This rector’s note should be arriving on Thanksgiving this week, but no worries if you don’t get to it right away. I realize that this holiday can seem to ask a lot of us. For some, family gatherings can be rife with tensions old and new. Others have lost people dear to them, or are struggling with illnesses, loneliness or calamity. Some are quite worried about the safety and the future of people and issues they hold dear in the current political and social climate.
How does one manage to be thankful at a time like this?
It helps me to remember that gratitude is a very powerful spiritual posture. On the surface it can seem like a passive attitude. It has to receive before it can give. It makes one vulnerable.
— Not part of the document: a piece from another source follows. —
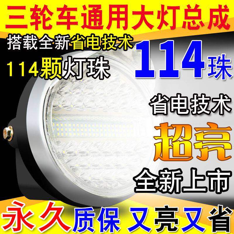 电动三轮车大灯超亮led电动车大灯12v48v60v通用大灯总成强光防水

But what I like most about gratitude at times like these is that it interrupts, subverts and thwarts. It takes on things like greed, bitterness, and fear both within me and outside me. But it accomplishes its purpose with an open hand, with gentleness and a soft heart. It has a lot in common with grace in that way.
It’s ironic that our holiday of gratitude is quickly followed by the biggest shopping day of the year, when anxieties about finances, and family expectations, and securing bargains are at fever pitch. But before all of that hits, we can use the practice of this day of thankfulness and gratitude to strengthen us for what is ahead – even beyond Black Friday and the strains of holiday demands.
Gratitude travels well. And so if this week of Thanksgiving prompts us to stretch our gratitude muscles and keep using them, it will have been to good purpose.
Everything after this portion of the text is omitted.